De acordo com a ESET, entre as principais ferramentas para realizar o ataque estão documentos como um orçamento, fatura ou recibo; informações uma dívida ou situação bancária; documentos digitais usados ​​no Brasil, como boleto bancário ou Nota Fiscal Eletrônica ou supostas fotos, vídeos e arquivos multimídia.

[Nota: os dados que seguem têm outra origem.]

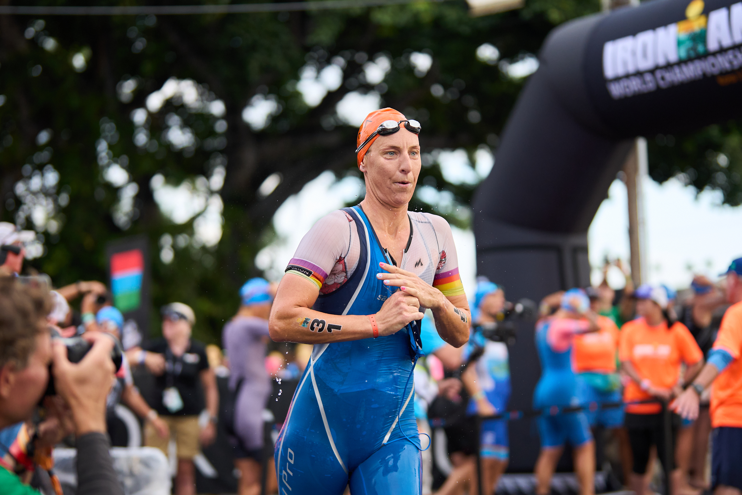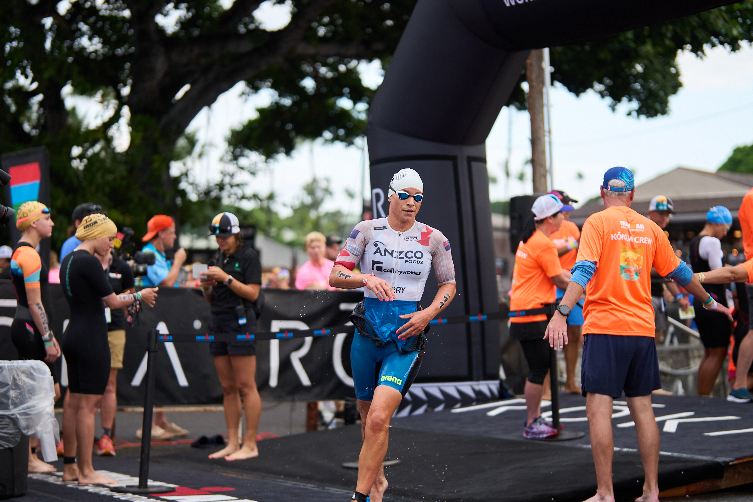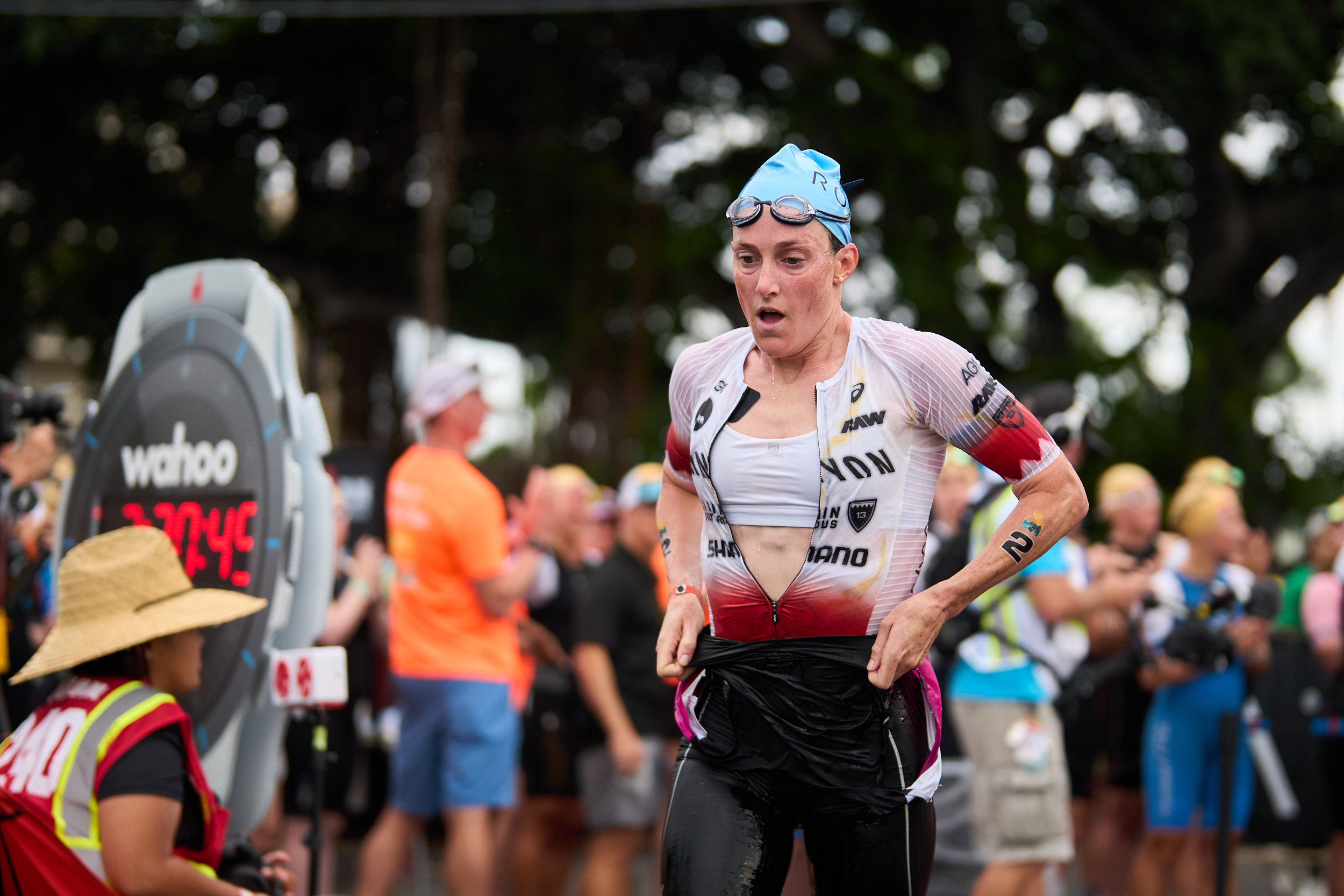 Told you we’d see the new suit! Perterer wore the updated PZ4TX in Kona. Like its predecessor, there’s unique side paneling to improve body positioning, as well as the unique blend of four hydrophobic fabrics to reduce drag.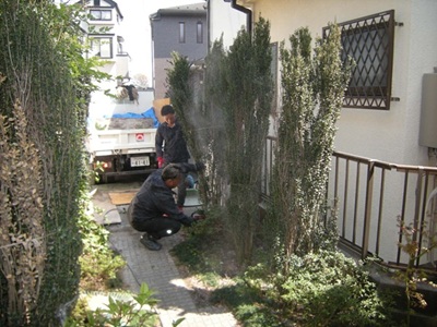 越境樹木の伐採 ご事情で5年間ほど手を入れられていなかったお庭のお手入れを承りました。 すべてを地面の高さでカットということではなかったので、植木職人も含めて作業いたしました。 まずは越境している樹木から対応いたしました。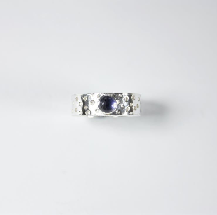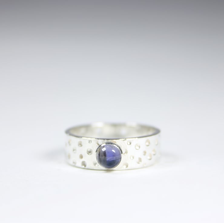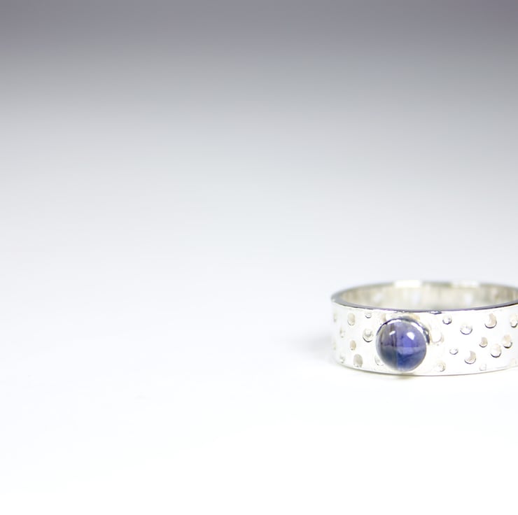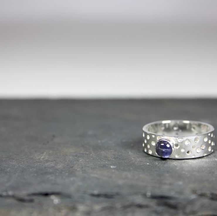 Handmade ring from 05mm wide 1mm thick silver sheet with a lacy/bubble pattern which is achieved by drilling different depth holes with different sized drill bits in a sporadic pattern Because of this method no two rings are the same. The ring is then finished off with a 5mm violet Iolite gemstone.
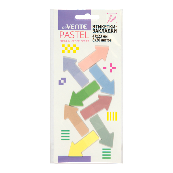 Доп. описание: Набор самоклеящихся этикеток-закладок "deVENTE. Pastel" пластиковые полупрозрачные в форме стрелки 47x23 мм, 8x20 листов, 8 пастельных цветов, в картонном блистере и пластиковом пакете с европодвесом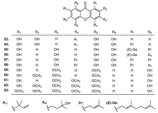Symphoxanthone (53), subeliptenone B (54), garciniaxanthone E (55), garcinenone D (56), 1,3,5,6-tetrahydroxy-4,7,8-tri(3-methyl-2-butenyl)xanthone (57), garcinenone E (58) (Figure 5) were isolated from G. xanthochymus []. Their IC50 values against 1,1-diphenyl-2-picrylhydrazyl (DPPH) radical were 6.4, 6.0, 10.1, 6.8, 10.1, 8.5 μM, respectively. SARs analysis indicated that the radical-scavenging activity was partly related to phenolic hydroxy moiety numbers. Within them, compounds with ortho diphenolic hydroxy groups showed significant radical-scavenging activity.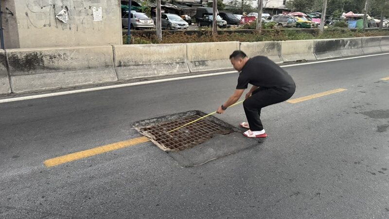 ทั้งนี้ ตนได้ให้คนขับรถของตนไปวัดตัวท่อตรงจุดนั้น งง แล้วจะลาดยางมะตอยไปทำไม ลาดเสร็จห่างประมาณครึ่งฟุต ก็เป็นหลุมฝาท่ออยู่กลางถนน สอบถาม รปภ. แถวนั้นก็ทราบว่า เห็นบ่อย เกิดอุบัติเหตุกับรถจักรยานยนต์ ล่าสุดมีจักรยานยนต์ประสบอุบัติเหตุรถยังจอดอยู่แถวนั้นอยู่เลย ส่วนคนขับขี่ถูกส่งไปโรงพยาบาลอาการสาหัส

Uma vez que o trojan bancário é executado no equipamento, um cavalo de troia é descarregado de algum servidor e a URL se encontra com o CPL, em formato de texto simples ou criptografado. A partir desse momento, o trojan busca uma forma de persistir no sistema infectado e, em seguida, começa a coleta de dados bancários da vítima. Se as credenciais de acesso estiverem disponíveis, screenshots ou qualquer outra informação bancária serão enviadas para o cibercriminoso.

“Durante a investigação, os especialistas da ESET notaram que o Brasil possui um ecossistema de cibercrime diferente do resto da região da América Latina”, afirma Camillo Di Jorge, Country Manager da ESET no Brasil. “A maneira como as ameaças são desenvolvidas e distribuídas demandam uma dedicação dos cibercriminosos, que geram os seus ataques de forma personalizada, levando em conta as diferentes formas de operações eletrônicas”, diz.

A análise ainda revelou que o Brasil está entre os três países na América Latina onde mais cresce o uso serviços bancários. Além disso, metade dos usuários de redes sociais no país afirmam já terem feito pelo menos uma transação online durante o ano 2013. “Acreditamos que o aumento de transações online estimula os cibercriminosos investirem, ainda mais, esforços em suas campanhas ataque”, finaliza.